The powerful House International Relations Committee today adopted an amendment to the foreign operations authorization bill that aims to eliminate anti-Semitic messages and references from United Nations-sponsored education programs (UNRWA) for Palestinian refugees.
The powerful House International Relations Committee today adopted an amendment to the foreign operations authorization bill that aims to eliminate anti-Semitic messages and references from United Nations-sponsored education programs (UNRWA) for Palestinian refugees.
The amendment was sponsored by Vice Chairman Chris Smith (NJ-4). It had significant support including that of Rep. Ileana Ros-Lehtinen, Chairwoman of the Middle East and Central Asia Subcommittee.
Smith, Vice Chairman of the committee, said his amendment,
“Supplements existing State Department efforts to bring pressure and diplomacy to bear on UNRWA to cease its use of anti-Semitic textbooks, take down posters in its schools that incite violence, and terminate political affiliations by UNRWA staff with terrorist organizations like Hamas and Islamic Jihad." UNRWA was created in 1950 by General Assembly Resolution 194, and provides education and humanitarian relief services to nearly 4 million registered Palestinian refugees living in the West Bank, Gaza Strip, Jordan, and Syria. UNRWA has been criticized sharply by the United States and Israel over concerns that textbooks it uses to educate Palestinian children reject the legitimacy and existence of Israel, and promote anti-Semitism. UNRWA has acknowledged some deficiencies in older textbooks provided to it by the Palestinian Authority, and is phasing them out over a multi-year process.

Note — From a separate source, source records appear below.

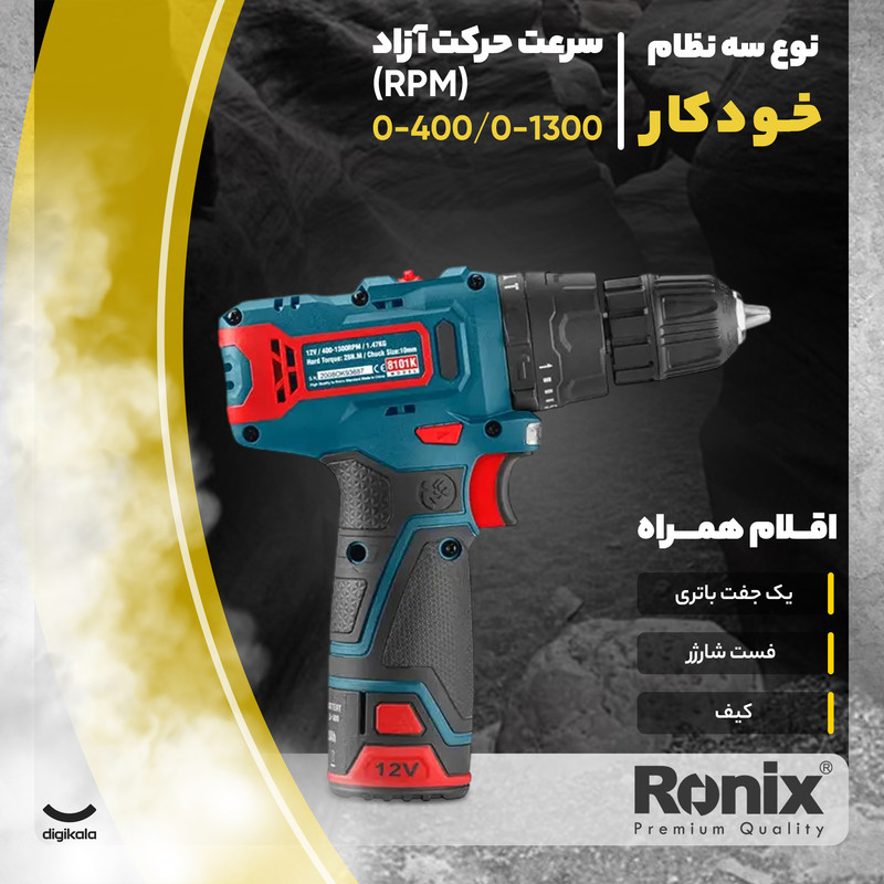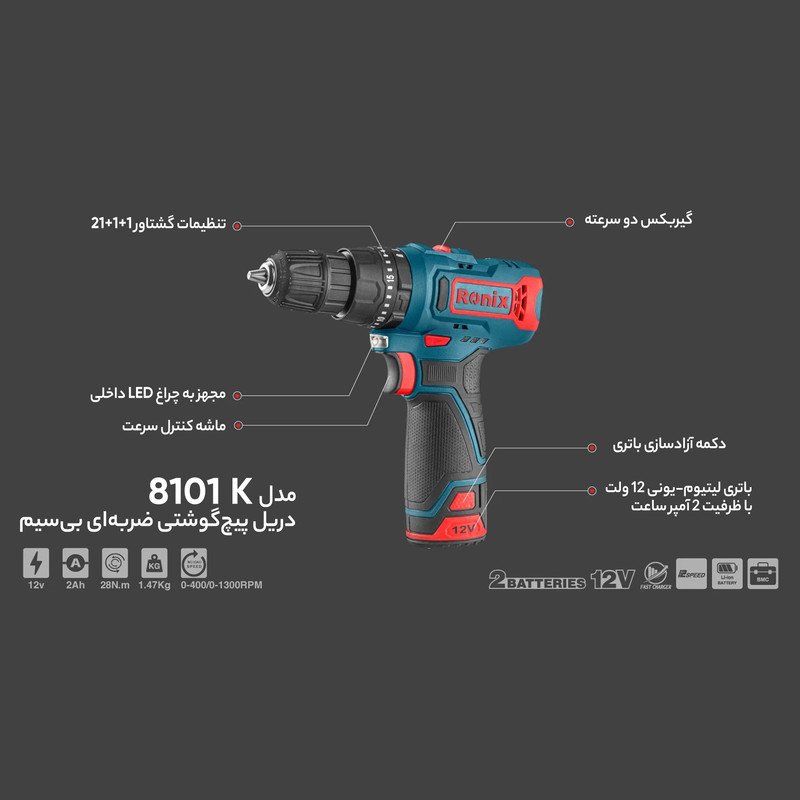 دریل پیچ گوشتی چکشی شارژی رونیکس مدل 8101K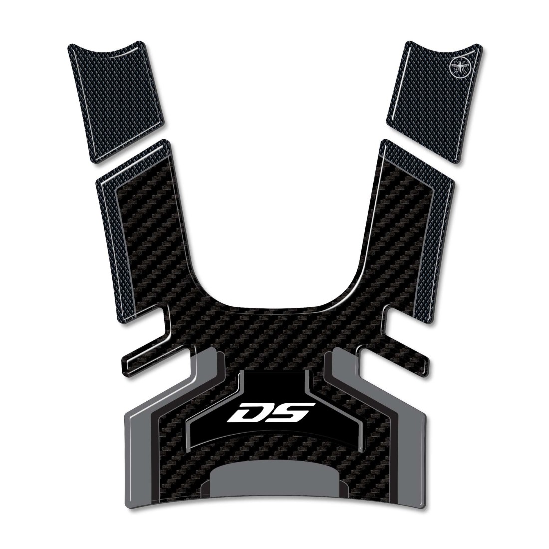 Adesivo Paraserbatoio moto MADE IN ITALY realizzato in resina Gel con effetto 3D. Grafica in Carbon Look (effetto carbonio) con variatte colore in Nero o Rosso.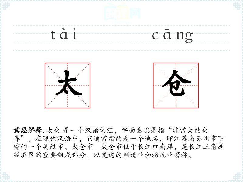 太仓 是一个汉语词汇,字面意思是指“非常大的仓库”。在现代汉语中,它通常指的是一个地名,即江苏省苏州市下辖的一个县级市,太仓市。太仓市位于长江口南岸,是长江三角洲经济区的重要组成部分,以发达的制造业和物流业著称。

Smith, encouraged that reforms are underway, believes immediate action against hatred and intolerance is needed. “Textbooks that teach hatred, anti-Semitism, and that incite children to violence should be gathered up tomorrow morning in UNRWA schools, and pitched into the trash can. It should not take years to fight hatred, it should take minutes. There can be no excuses for so-called ‘educational material’ that urges Palestinian children to glorify homicide bombers and the slaughter of innocents,” he said.
The amendment also calls for expanding an ongoing General Accounting Office investigation examining US assistance for UNRWA. The U.S. currently finances nearly a third of this UN agency’s budget. The Smith amendment, as passed, urges the GAO to inspect “all recent United States assistance to UNRWA to ensure that taxpayer funds are being spent effectively and are not directly or indirectly supporting terrorism, anti-Semitic or anti-Jewish teachings, or the glorification or incitement of violence.”
Smith’s amendment also urges UNRWA to get serious about opposing terrorism. In July 2001, an UNRWA school hosted a Hamas rally by a key Hamas leader. Later on, a UNRWA employee praised homicide bombers and said “The road to Palestine passes through the blood of the fallen, and these fallen have written history with parts of their flesh and their bodies.”
“UNRWA has a choice – it can either support peace or support terrorism; and its actions must correspond with its words. We can no longer allow UNRWA to say it supports peace and then engage in conduct that glorifies terrorists and their evil causes,” Smith said.